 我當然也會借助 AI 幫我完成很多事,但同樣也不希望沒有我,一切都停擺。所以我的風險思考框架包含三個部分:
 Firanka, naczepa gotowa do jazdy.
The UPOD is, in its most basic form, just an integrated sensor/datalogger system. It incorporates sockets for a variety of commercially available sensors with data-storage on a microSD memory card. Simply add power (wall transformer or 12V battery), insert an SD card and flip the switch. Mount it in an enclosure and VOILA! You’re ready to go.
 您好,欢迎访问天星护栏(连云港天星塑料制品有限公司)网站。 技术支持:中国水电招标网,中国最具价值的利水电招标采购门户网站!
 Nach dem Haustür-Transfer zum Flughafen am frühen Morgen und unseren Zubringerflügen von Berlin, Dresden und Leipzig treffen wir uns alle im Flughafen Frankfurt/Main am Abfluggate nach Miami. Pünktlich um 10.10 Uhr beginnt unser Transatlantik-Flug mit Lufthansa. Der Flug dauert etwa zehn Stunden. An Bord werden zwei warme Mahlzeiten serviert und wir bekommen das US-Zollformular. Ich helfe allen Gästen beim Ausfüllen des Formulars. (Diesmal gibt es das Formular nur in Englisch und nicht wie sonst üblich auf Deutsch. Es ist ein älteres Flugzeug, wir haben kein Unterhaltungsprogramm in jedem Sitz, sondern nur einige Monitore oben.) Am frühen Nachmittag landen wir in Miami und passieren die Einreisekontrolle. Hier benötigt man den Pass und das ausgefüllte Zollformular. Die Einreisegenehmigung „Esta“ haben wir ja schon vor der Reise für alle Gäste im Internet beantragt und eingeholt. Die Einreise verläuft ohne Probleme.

──────

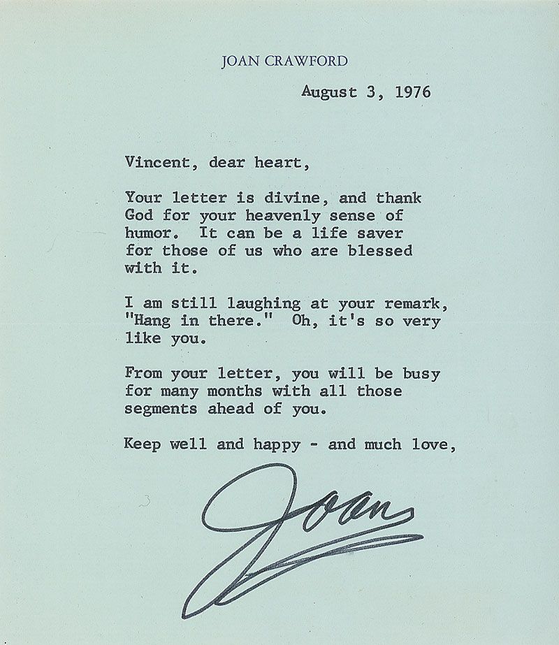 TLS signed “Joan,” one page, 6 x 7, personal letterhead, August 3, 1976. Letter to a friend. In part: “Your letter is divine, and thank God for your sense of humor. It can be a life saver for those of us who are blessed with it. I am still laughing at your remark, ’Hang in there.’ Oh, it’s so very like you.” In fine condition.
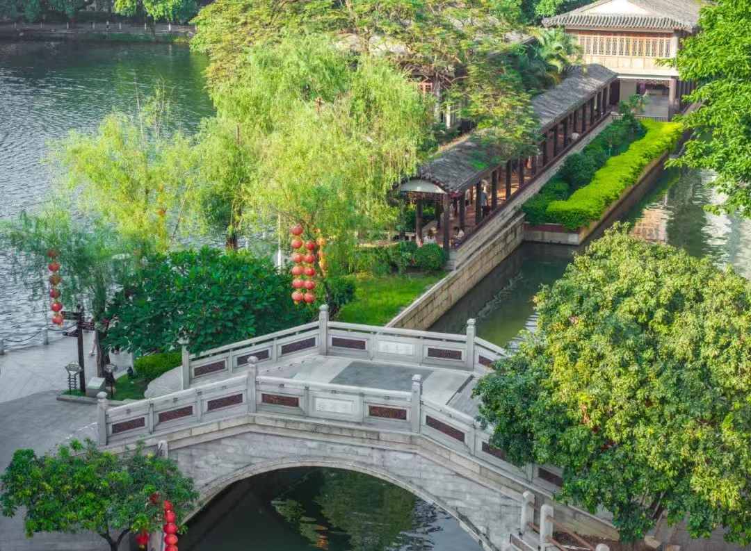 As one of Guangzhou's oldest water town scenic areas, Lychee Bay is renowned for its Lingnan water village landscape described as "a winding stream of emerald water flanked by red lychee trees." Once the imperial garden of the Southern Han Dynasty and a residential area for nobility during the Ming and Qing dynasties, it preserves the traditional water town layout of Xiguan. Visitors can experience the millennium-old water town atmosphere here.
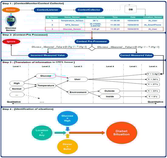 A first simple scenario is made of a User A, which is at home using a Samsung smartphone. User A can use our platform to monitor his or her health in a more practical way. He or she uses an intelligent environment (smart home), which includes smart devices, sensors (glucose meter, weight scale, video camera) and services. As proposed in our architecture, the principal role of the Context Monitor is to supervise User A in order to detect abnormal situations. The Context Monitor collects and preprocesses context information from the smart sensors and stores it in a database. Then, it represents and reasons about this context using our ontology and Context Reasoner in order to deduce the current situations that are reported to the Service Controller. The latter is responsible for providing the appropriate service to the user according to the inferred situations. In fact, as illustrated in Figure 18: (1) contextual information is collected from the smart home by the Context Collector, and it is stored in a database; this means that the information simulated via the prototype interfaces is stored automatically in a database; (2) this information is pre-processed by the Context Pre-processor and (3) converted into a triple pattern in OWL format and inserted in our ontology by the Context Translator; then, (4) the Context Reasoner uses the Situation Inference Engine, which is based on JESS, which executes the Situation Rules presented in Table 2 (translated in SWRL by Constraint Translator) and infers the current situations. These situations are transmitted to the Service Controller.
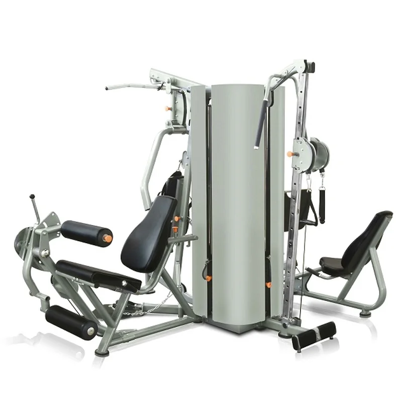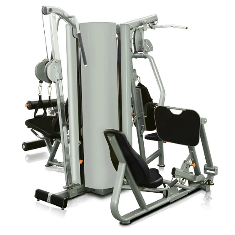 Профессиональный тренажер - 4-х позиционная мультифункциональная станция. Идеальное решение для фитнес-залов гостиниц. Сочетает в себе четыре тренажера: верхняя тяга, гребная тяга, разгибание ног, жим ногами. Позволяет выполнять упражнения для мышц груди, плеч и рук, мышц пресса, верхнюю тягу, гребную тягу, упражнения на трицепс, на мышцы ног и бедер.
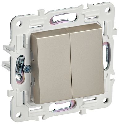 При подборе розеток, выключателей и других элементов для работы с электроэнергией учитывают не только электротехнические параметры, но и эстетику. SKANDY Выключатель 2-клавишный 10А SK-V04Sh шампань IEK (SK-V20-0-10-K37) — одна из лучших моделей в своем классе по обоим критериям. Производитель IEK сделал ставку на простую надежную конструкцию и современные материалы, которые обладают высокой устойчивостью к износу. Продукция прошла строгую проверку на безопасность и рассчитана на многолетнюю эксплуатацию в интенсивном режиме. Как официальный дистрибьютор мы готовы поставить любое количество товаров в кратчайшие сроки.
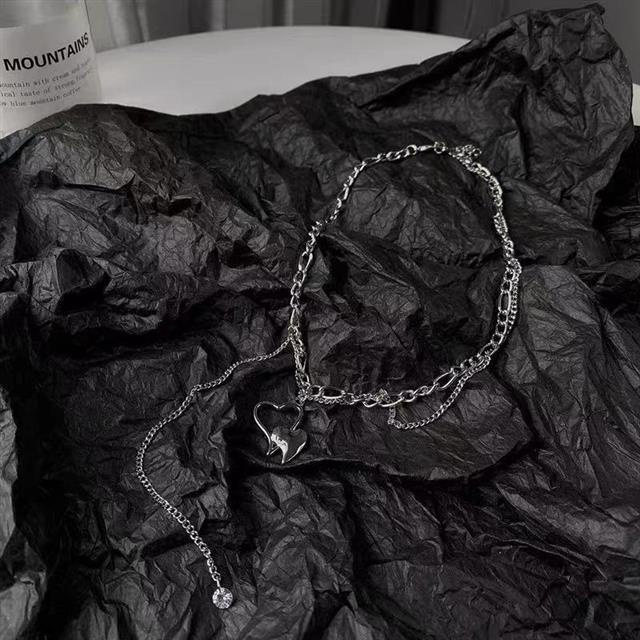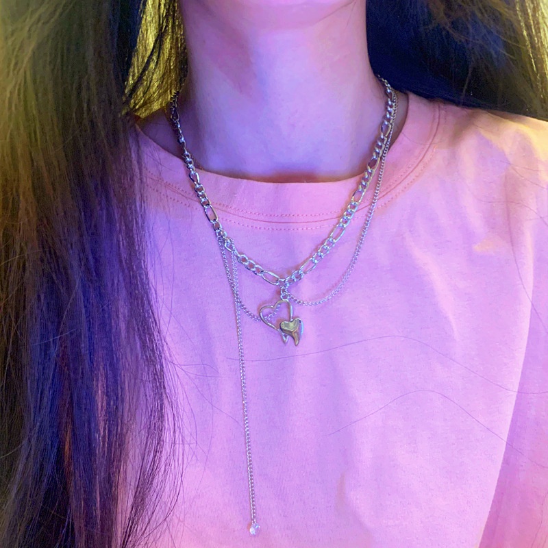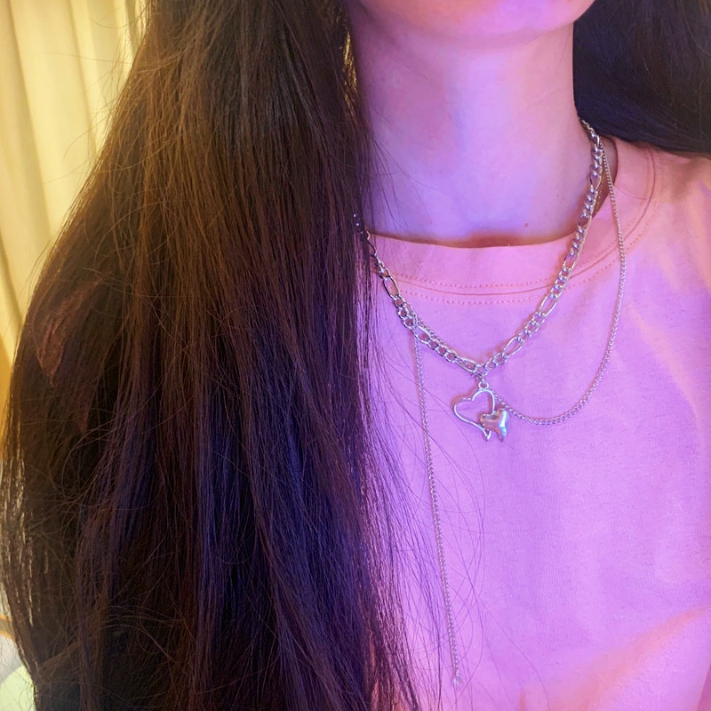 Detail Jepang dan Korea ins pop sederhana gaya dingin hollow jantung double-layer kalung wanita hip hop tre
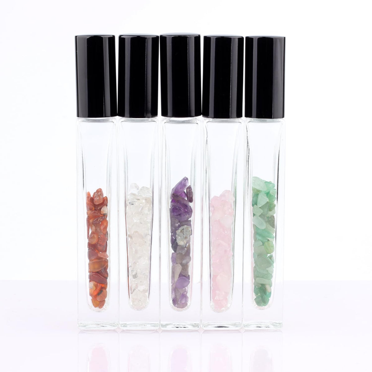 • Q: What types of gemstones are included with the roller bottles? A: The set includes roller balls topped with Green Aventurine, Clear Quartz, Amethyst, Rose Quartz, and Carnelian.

──────

Write back word for word every line in the entries above from the one with "Detail Jepang dan" to the one with "Quartz, and Carnelian.", ends included, and none of the pictures.

 Detail Jepang dan Korea ins pop sederhana gaya dingin hollow jantung double-layer kalung wanita hip hop tre
 • Q: What types of gemstones are included with the roller bottles? A: The set includes roller balls topped with Green Aventurine, Clear Quartz, Amethyst, Rose Quartz, and Carnelian.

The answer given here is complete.